The sticking point is still the powerful laser system:
https://amp-interestingengineering-com.cdn.ampproject.org/c/s/amp.interestingengineering.com/laser-powered-lightsail-could-reach-alpha-centauri-in-20-years
The communications issue is huge as well. No mission without solving it.
This is an interesting subject, which was first explored by the late James Strong, a Council member of the British Interplanetary Society, in Spaceflight magazine in 1970.
Strong sought to work out which were the most rewarding stars to visit from the Earth. He did not consider the timescale or speed aspects, as they didn’t really really affect the results. The assumption was a star-hopping strategy, that probes sent out would (eventually) be crewed ones, and that colonies would be founded on neighbouring systems from which in due course further probes would be sent. That is not too unlike the “mother-ship” strategy of the present article. There is a shared implication that interstellar travel will, for a long time at least, be difficult and expensive to resource.
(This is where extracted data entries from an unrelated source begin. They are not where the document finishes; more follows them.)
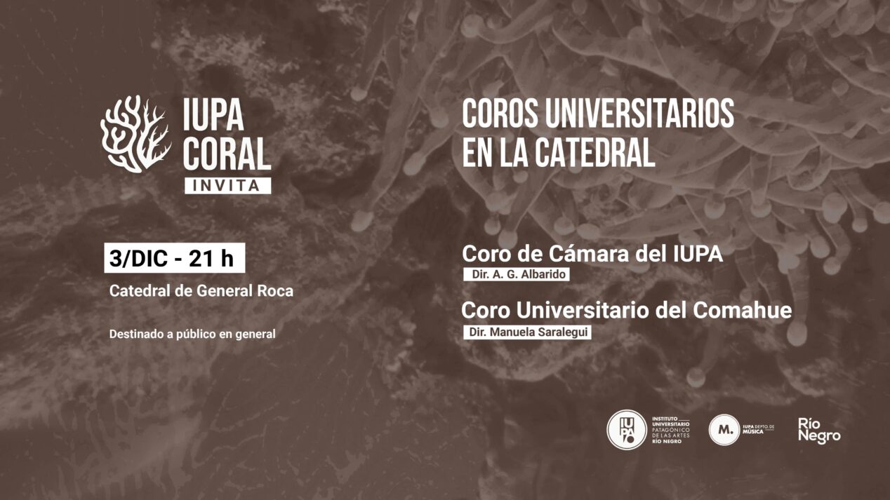 Luego de su presentación en las catedrales de Neuquén y Cipolletti, el Coro de Cámara del IUPA (Dir. A.G. Albarido) finaliza su séptima temporada en General Roca junto a un invitado de lujo, el Coro Universitario del Comahue (Dir. Manuela Saralegui).
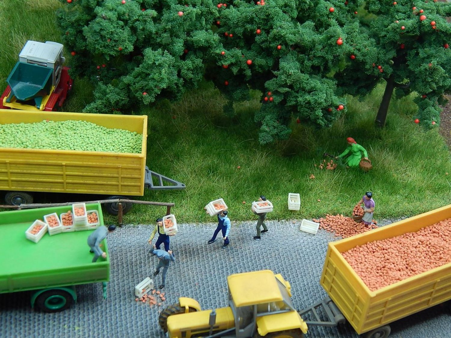 Hmm, Baumobst ist lecker - und viele davon kommen auf einen Wagen: z.B. auf den Erntewagen, denn z.B. Äpfel wurden auch mit der Eisenbahn transportiert. Natürlich kullern sie auch gerne über das Diorama.
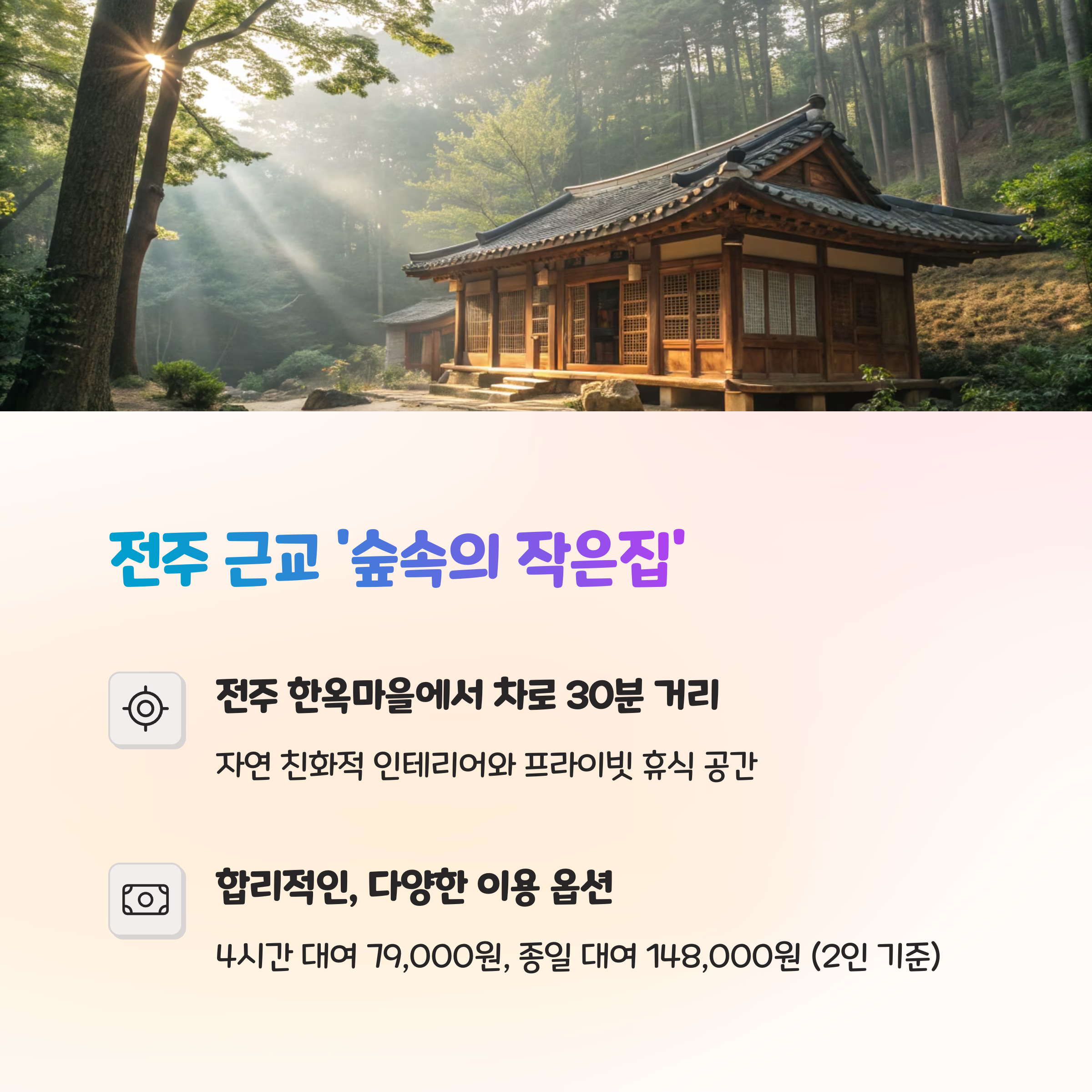 | 숲속의 작은집 | 전주 인근 | 79,000원부터 | 불멍 서비스 |
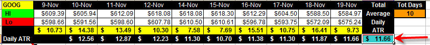 As you can see, the last 10 trading days of GOOG have an ATR of $11.66 per day. When you start trading this way, you  should work your day trades to capture 50 - 75% of this move per trading day. I like to keep track of 5 days and 8 weeks then I drill down to Daily 30 Minute ATR's.

Strong came to his conclusions by looking at star maps. I took his work further by using a computer together with distance penalties and objectively generated scores for the “attractiveness” of different stars.
Using the same algorithm, I also examined the likelihood that our solar system might be encountered by star-faring aliens on their way out from the centre of the Galaxy. The answer seemed to be: not very good, unless the aliens determine to go via Alpha Centauri, which system has a high attractiveness value.
“The Direction of Interstellar Exploration”, by A. Orme, pp 397-401, Spaceflight, Vol 21, No 10 (Oct 1979)
Didn’t see that you incorporated the paper showing a trip to Sirius would take less time than one to Proxima, because of accel-decel times for an orbital science mission.
was posted to Arxiv couple years ago.